I honestly think independent commissions and the way they operate/are stacked are one of the most egregious examples of bad-faith and ill-intentioned "gerrymandering reform," and they’re the main reason why I prefer even the current system to this kind of reform. I don’t know if that’s what happened here, but it always baffles me when so-called "independent" commissions act in a more partisan manner than even state legislatures/governors (we see this in states like MT/NJ/etc. as well). It’s a shame because it’s in both parties' interest to genuinely tackle gerrymandering at this point (it’s also the right thing to do from a moral standpoint, obviously, but electoral calculations will always take precedence over moral arguments in most politicians' minds) rather than just creating another (this time ostensibly 'non-partisan') thinly veiled gerrymander.

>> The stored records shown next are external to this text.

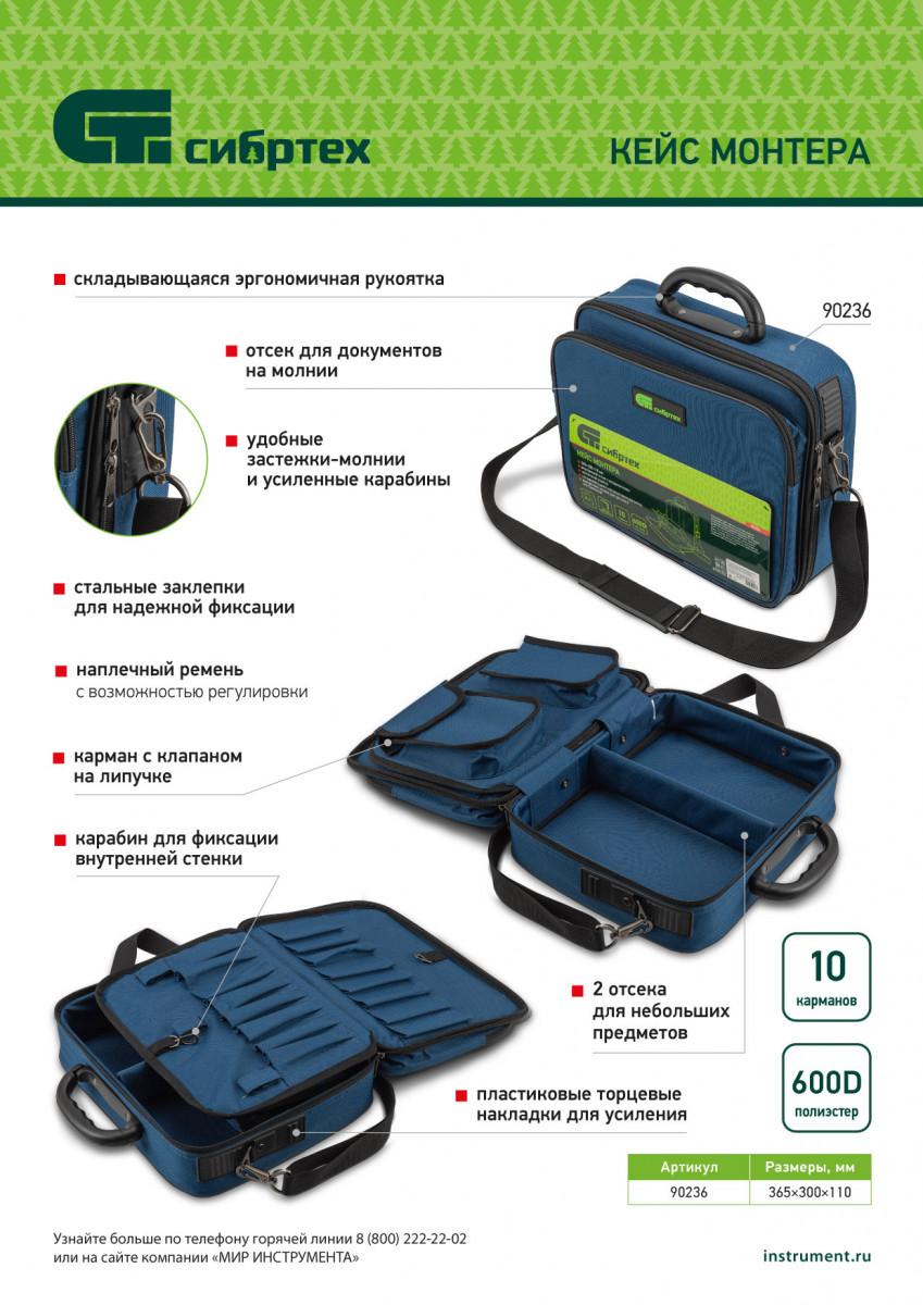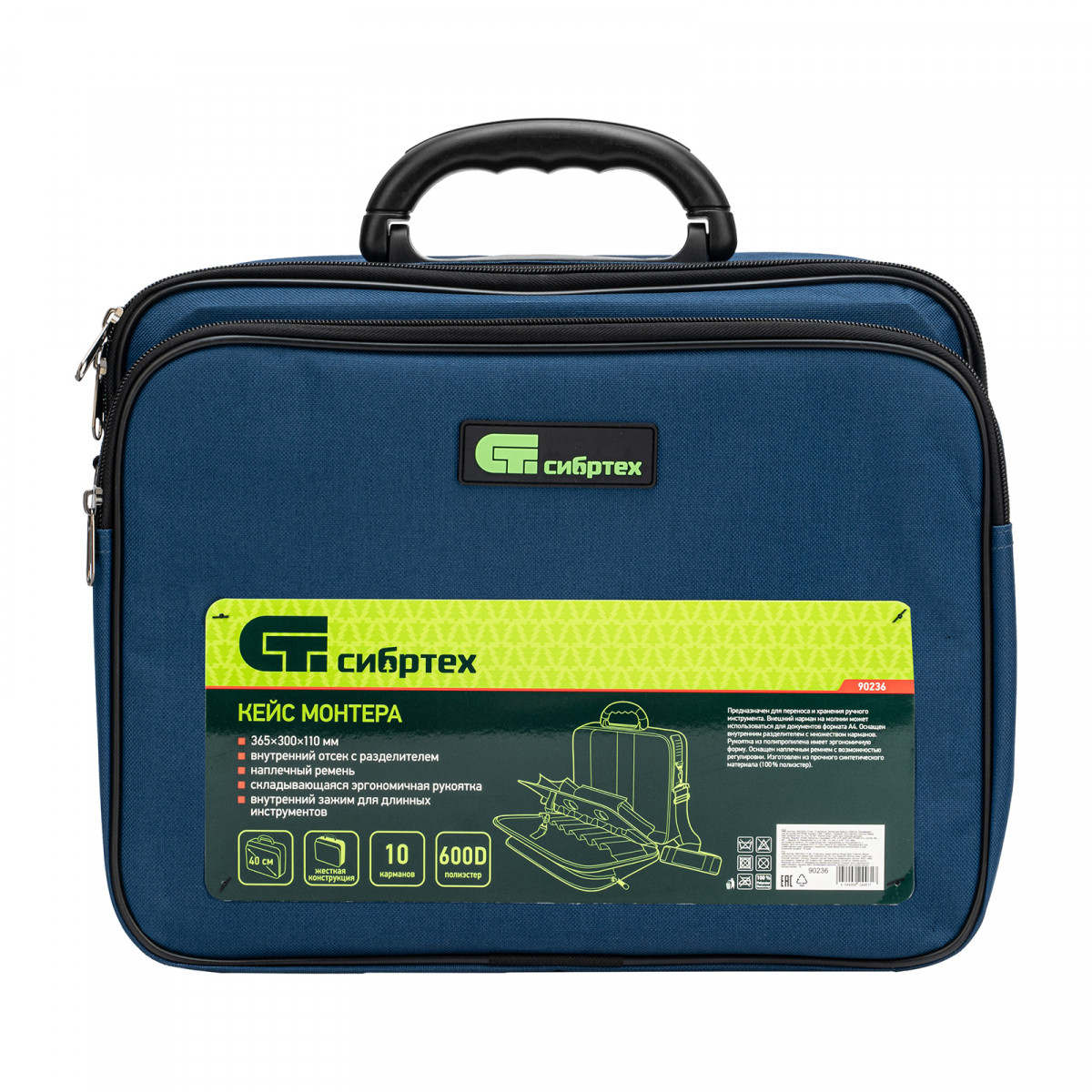 Кейс монтера, 365х300х110 мм, 10 карманов, наплечный ремень Сибртех
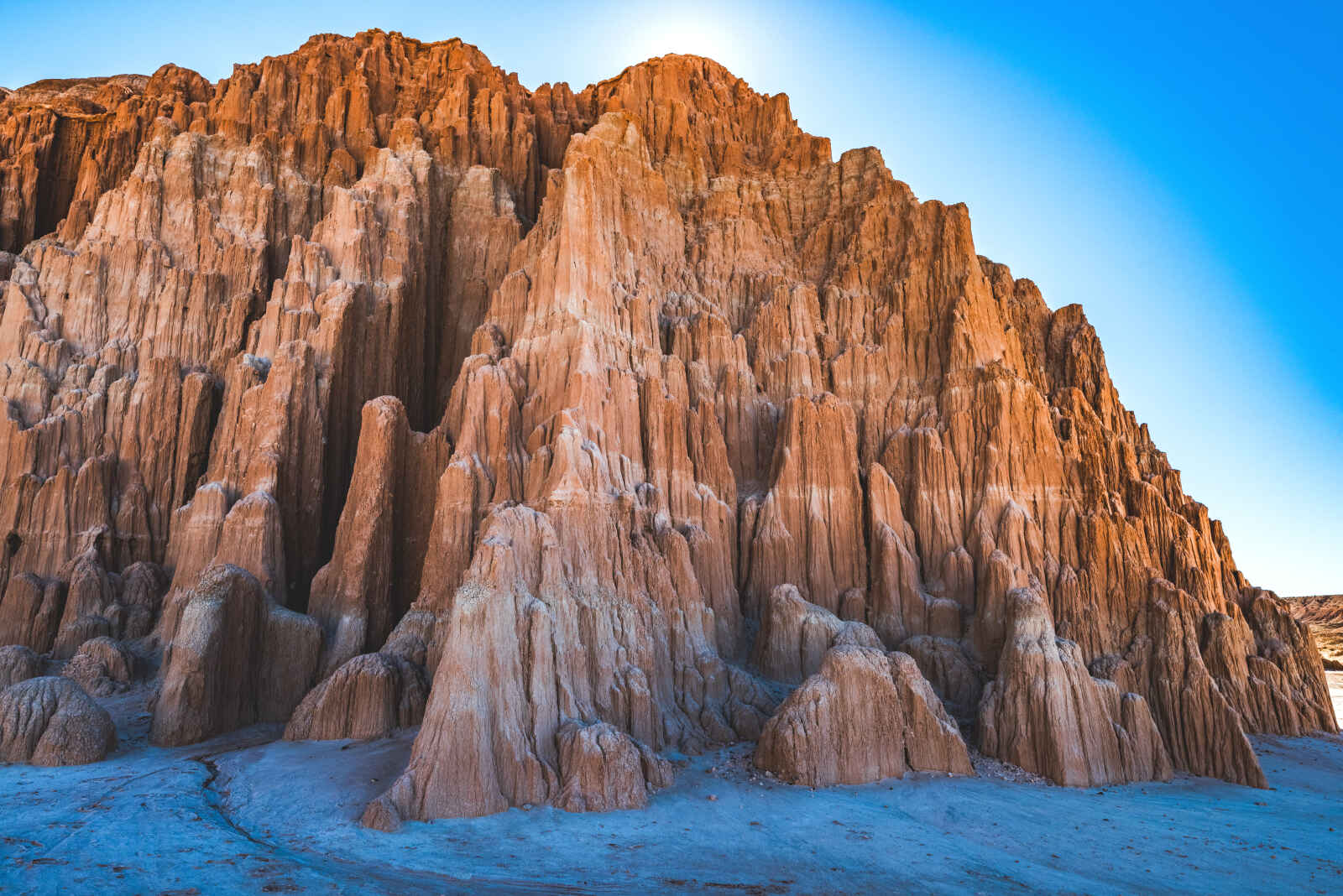 Les néons crépitent encore sur Vegas au petit jour mais c’est l’horaire idéal pour se plonger dans le parc d’état de la vallée du Feu. Crée en 1935, c’est le plus ancien mais aussi le plus grand parc d’état du Nevada et son impressionnante variété géologique, tapisserie accidentée de grès aztèque rouge vif marié au calcaire gris et havane lui vaudrait aisément le titre de parc national ! Parcourez le plus tôt possible la route panoramique qui traverse d’est en ouest le parc, et vous mène au pied de formations rocheuses étonnantes telles qu’Arch Rock, Piano Rock ou Rainbow Vista qui offre une vue panoramique sur le grès multicolore variant de l’orange et brun à des nuances plus profondes à mesure que les rayons du soleil obliquent dans le ciel d’un bleu immaculé. De nombreux sentiers permettent également d’approcher des pétroglyphes gravés dans la roche par les Anasazis qui s’installèrent dans la région le long d’une étroite étendue d’eau il y a environ 2 500 ans.
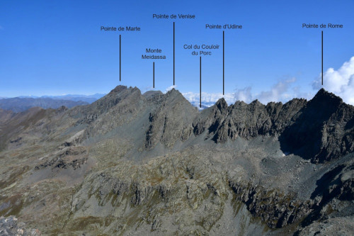 La pointe de Marte, de Venise, d'Udine et de Rome sont observées depuis la pointe Jouanne ou Mont Losetta, donc depuis le sud à une distance 3 km pour la pointe de Marte.
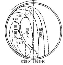 如圖所示,新給礦中的小粒,由給料端進(jìn)入,沿A面均勻地落于筒體底部中心,然后向兩側(cè)擴(kuò)散。大塊具有較大的動能,總是趨向較遠(yuǎn)的一側(cè),但其中有一部分必然要和AB面相碰,然后向另一側(cè)返回,因之,也使大塊得到均勻分布。A——A、B——B 在這里的作用是防止給入物料有害的偏析。自排礦端沿下面返回的顆粒如同新給料中的細(xì)粒一樣,均勻地落于筒體底部的中,然后向兩邊擴(kuò)散。大塊和細(xì)粒在筒體底部沿軸向運動,方向正好相反,于是產(chǎn)生磨剝作用。
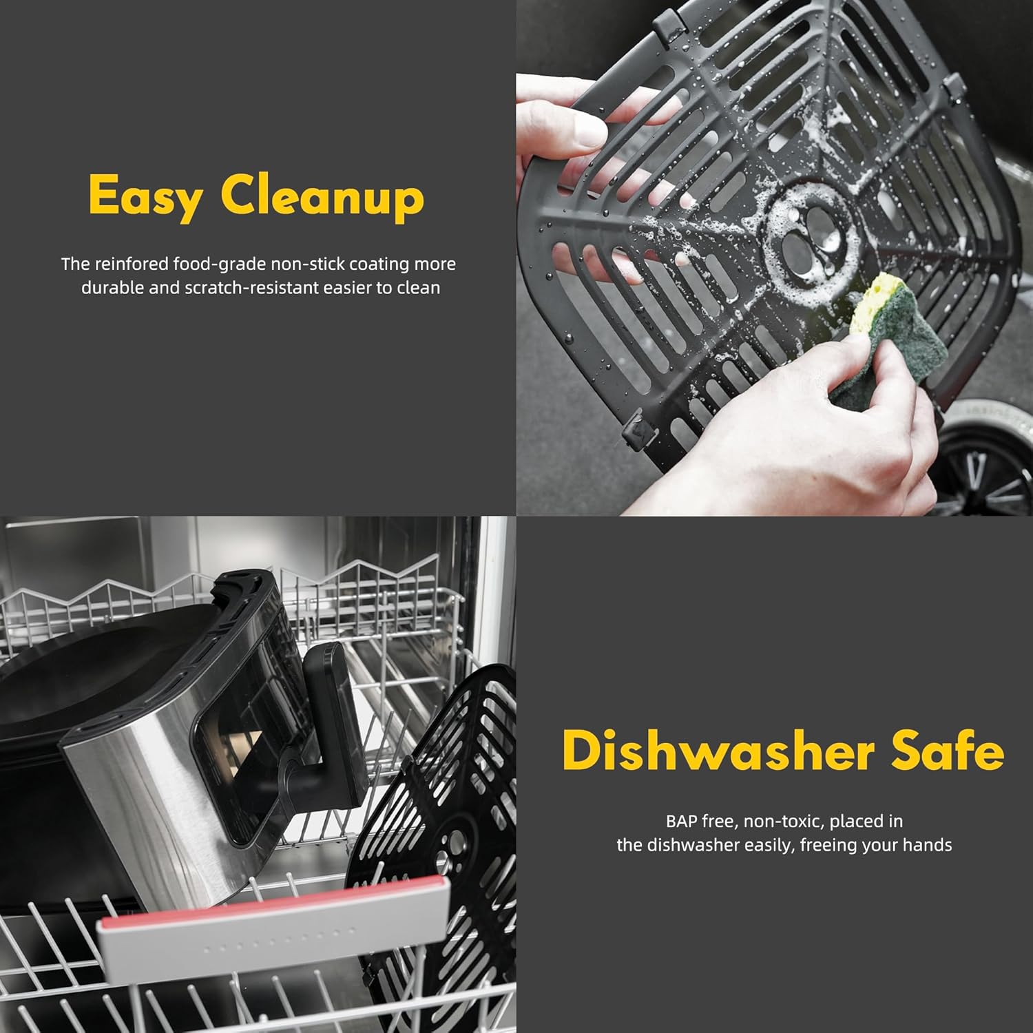 - 【Effortless Cleaning & Hassle-Free Maintenance】Enjoy stress-free cleanup with our 8.5QT Air Fryer. Featuring premium nonstick, BPA-free accessories, the dishwasher-safe basket and tray make maintenance a breeze. The smooth, fingerprint-resistant exterior wipes clean effortlessly, saving you time and effort. Perfect for busy homes, this air fryer combines easy cleaning, safety, and functionality for a hassle-free cooking experience.
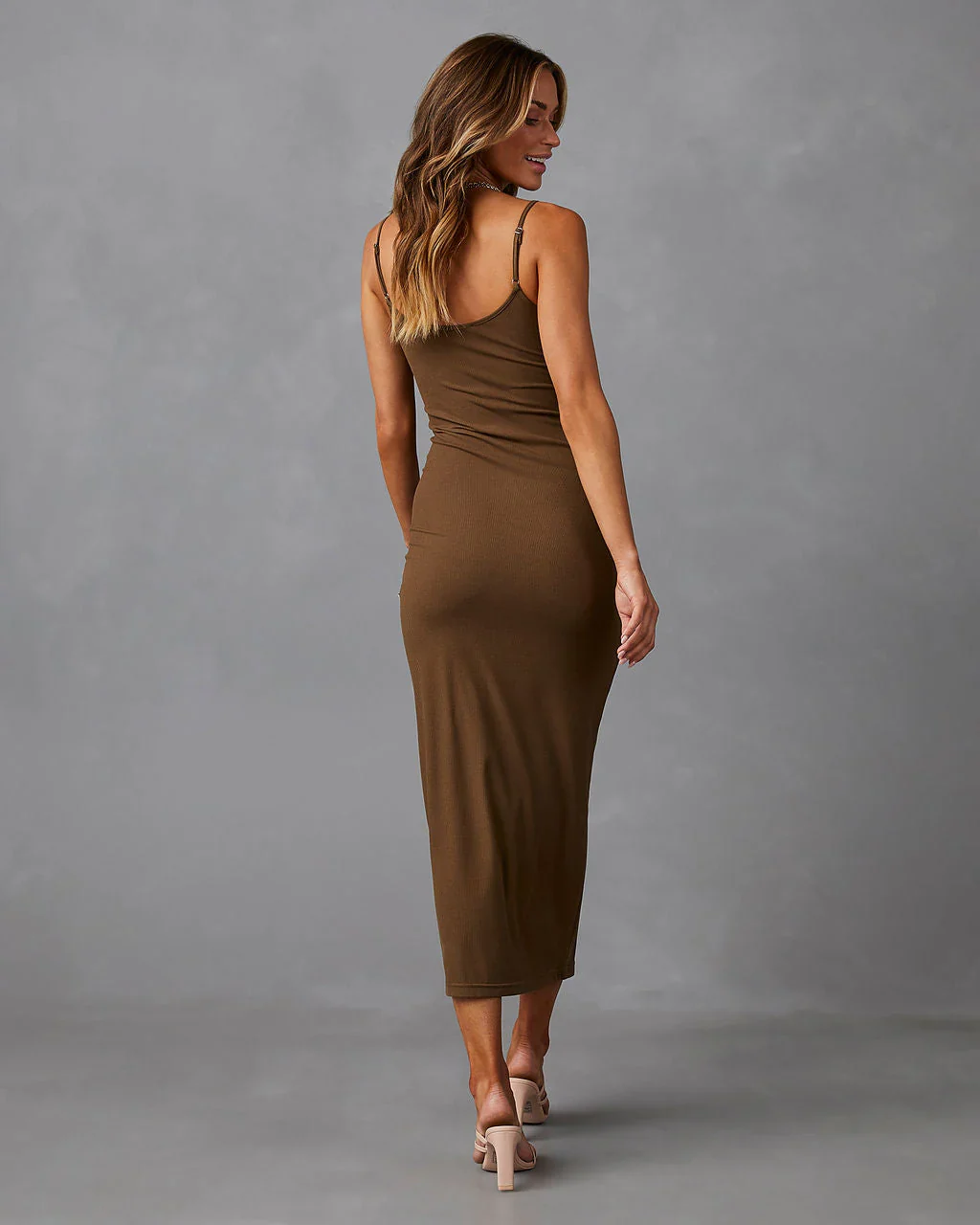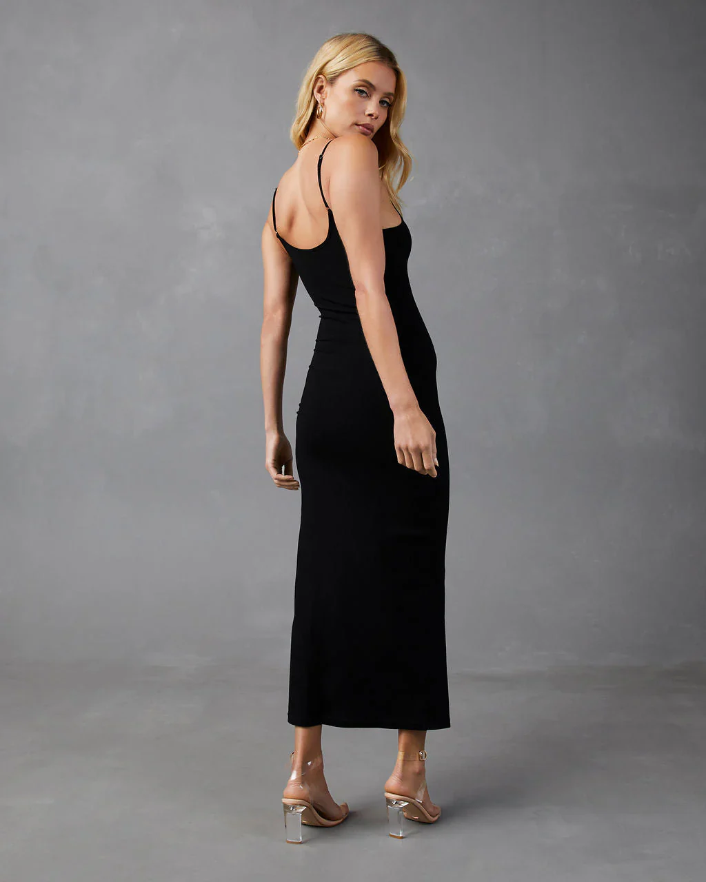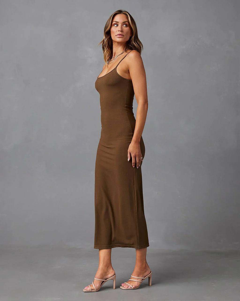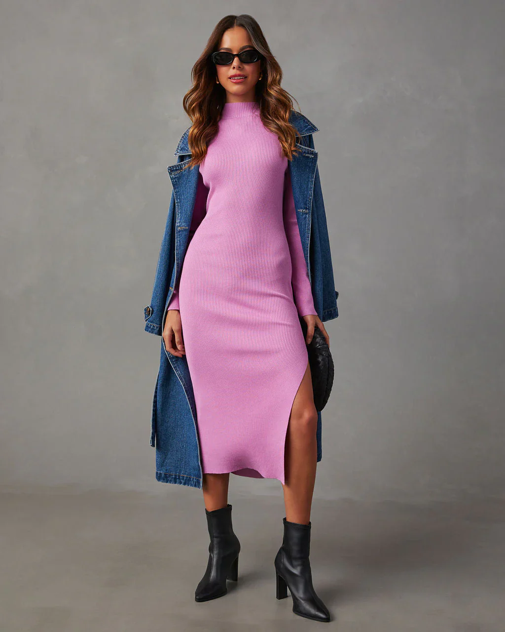Hold That Thought Ribbed Mock Neck Midi Dress
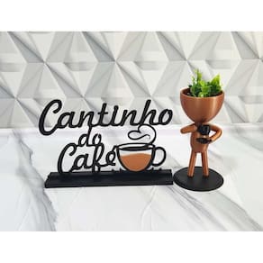 Cantinho do café com vaso bob em pé robert plant cobre preto Composição do kit: 1 base do letreiro removível com aproximadamente 17cm de largura 1 bob em pé bebendo café com aproximadamente 13cm s/considerar as plantas Obs. Já acompanha as plantinhas artificiais

I’m completely opposed to those commissions in any state.
Partisan/bipartisan commissions are bad. I'd like to see a federal law rolling redistricting into another arm of the census bureau, with districts drawn by non-partisan bureaucrats with public input. I don't want a single elected official getting a say in the process beyond that of any other citizen.
That sounds even worse than a commission tbh.

The only way to truly get partisanship / gaming the system out of redistricting is to give it to the computers. We will set allowable deviations by population, compactness, etc. and then let the computers draw the maps.

The only question would be VRA compliance and who decides on the algorithm, but those questions could be handled nationwide and not on a state by state basis. Regardless, this is the only framework that will ever be fair in any sense of the word.
I have yet to see an algorithm that can create better fair maps than a human can. It's probably possible to make one, but it takes a lot more work than any advocating for robomandering has put in. Even if you turn everything over to an algorithm, it's still using weights for criteria determined by a human. You're not eliminating bias; you're obfuscating it.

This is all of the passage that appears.